■ RECORDED DATA
-------------------------
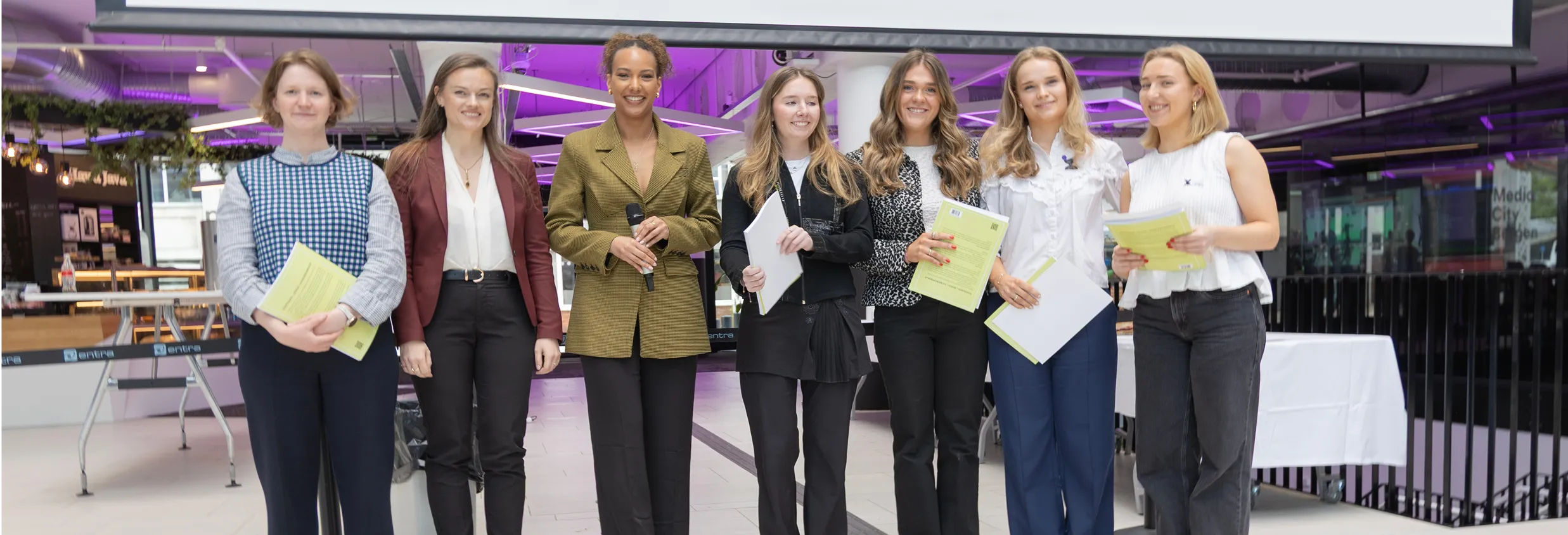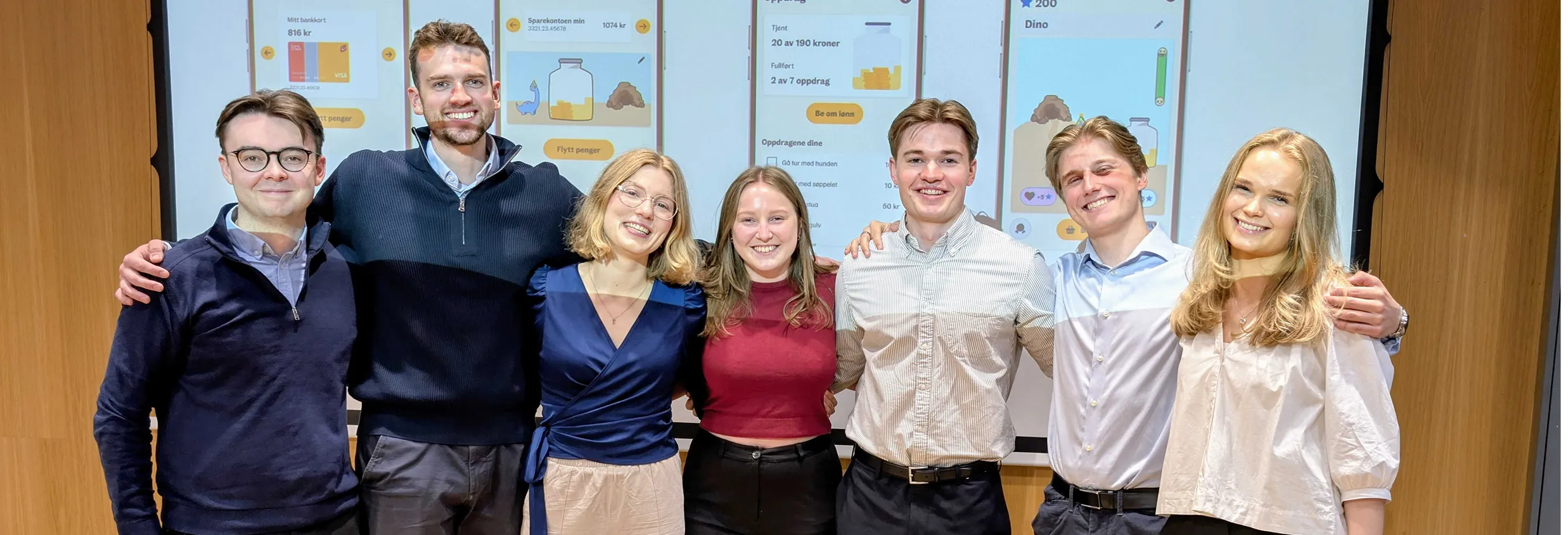 Studentteamet hos Sparebanken Norge sommeren 2025 under presentasjonen av den nye Barnebanken.
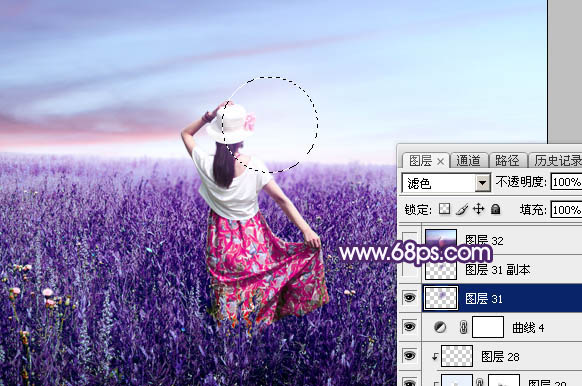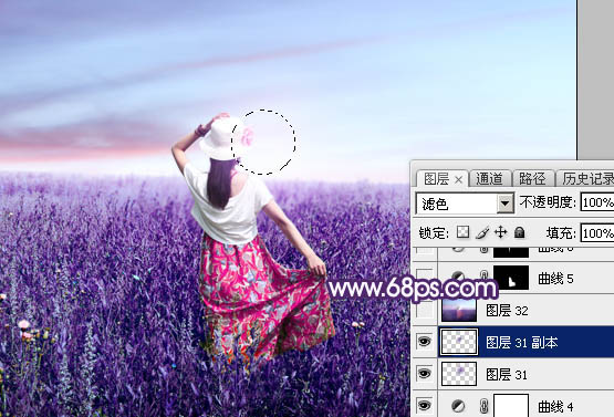 25、新建一个图层,用椭圆选框工具拉出下图所示的选区,羽化35个像素后填充蓝紫色:#7441A4,取消选区后把混合模式改为“滤色”,如下图。
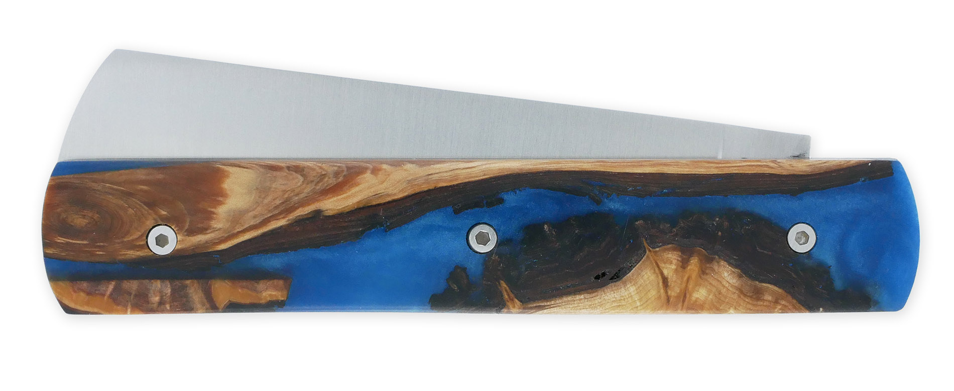Vorstellung des Le 20/20 Klappmessers von Le Fidèle, ein unverzichtbares Stück für Messerliebhaber. Dieses exquisite Messer besticht durch einen Griff aus vollständig erhaltenem Wacholderholz, das elegant in Blau getönt ist. Für eine persönliche Note kann der Griff mit Gravuren auf der Klinge oder der Feder individuell gestaltet werden.
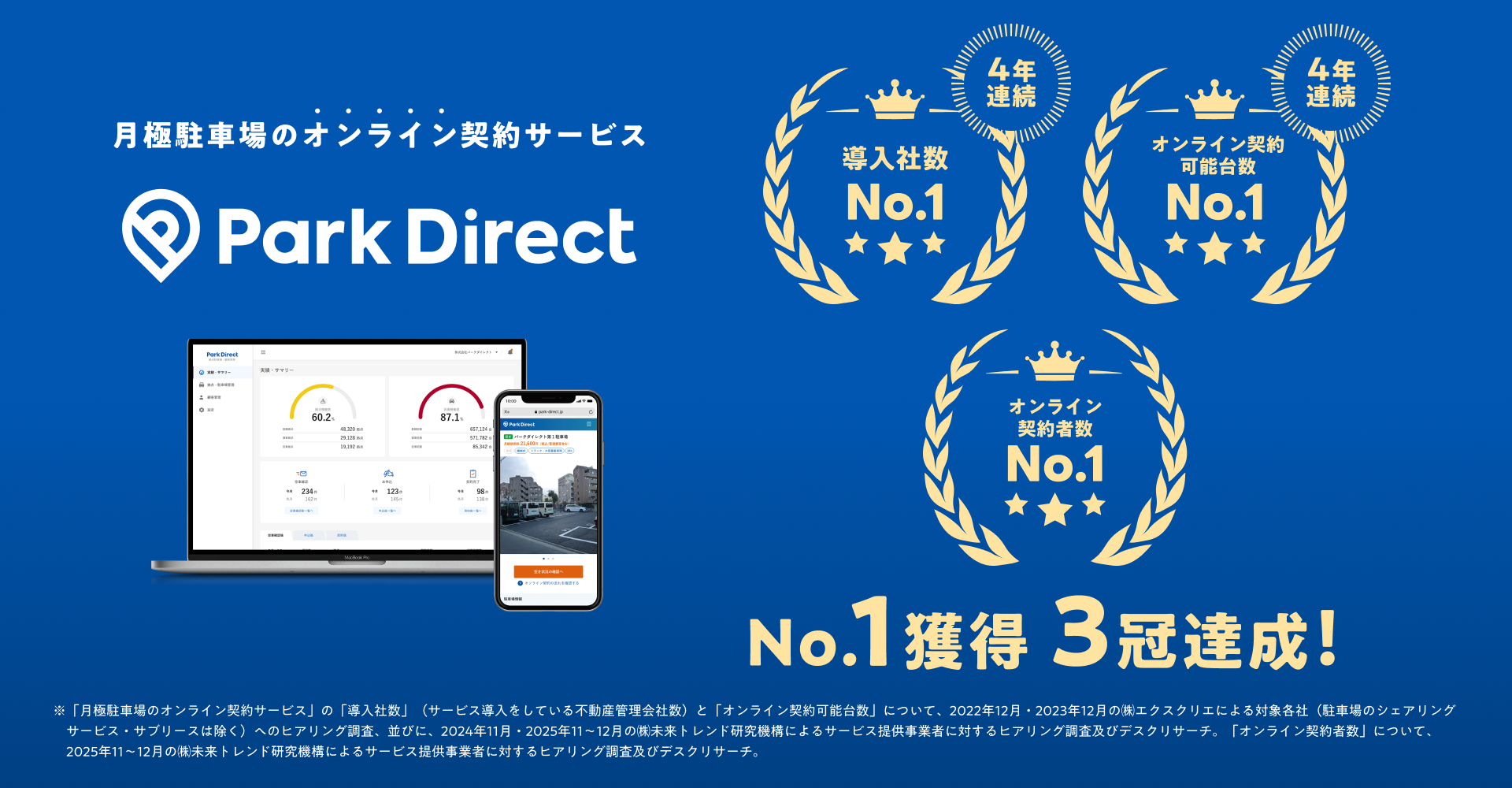 「Park Direct(パークダイレクト)」(https://www.park-direct.jp)は、駐車場にまつわるあらゆる業務(集客・契約・決済・顧客管理)を一気通貫でデジタル化するモビリティSaaSです。月極駐車場の各種手続き(※2)を全てオンラインで完結させ、不動産会社様や借主様の駐車場契約・管理にまつわるアナログなプロセスを大幅に削減します。さらに、駐車場ごとのデータに基づきオンライン/オフラインを問わない様々な集客施策を設計、展開し、月極駐車場の稼働率アップ、オーナー様の収益アップに貢献いたします。
-------------------------
■ WORK REQUIRED
The listing above, line by line: print it exactly, but not its pictures.

■ RESULT OF THE EXERCISE
 Studentteamet hos Sparebanken Norge sommeren 2025 under presentasjonen av den nye Barnebanken.
 25、新建一个图层,用椭圆选框工具拉出下图所示的选区,羽化35个像素后填充蓝紫色:#7441A4,取消选区后把混合模式改为“滤色”,如下图。
Vorstellung des Le 20/20 Klappmessers von Le Fidèle, ein unverzichtbares Stück für Messerliebhaber. Dieses exquisite Messer besticht durch einen Griff aus vollständig erhaltenem Wacholderholz, das elegant in Blau getönt ist. Für eine persönliche Note kann der Griff mit Gravuren auf der Klinge oder der Feder individuell gestaltet werden.
 「Park Direct(パークダイレクト)」(https://www.park-direct.jp)は、駐車場にまつわるあらゆる業務(集客・契約・決済・顧客管理)を一気通貫でデジタル化するモビリティSaaSです。月極駐車場の各種手続き(※2)を全てオンラインで完結させ、不動産会社様や借主様の駐車場契約・管理にまつわるアナログなプロセスを大幅に削減します。さらに、駐車場ごとのデータに基づきオンライン/オフラインを問わない様々な集客施策を設計、展開し、月極駐車場の稼働率アップ、オーナー様の収益アップに貢献いたします。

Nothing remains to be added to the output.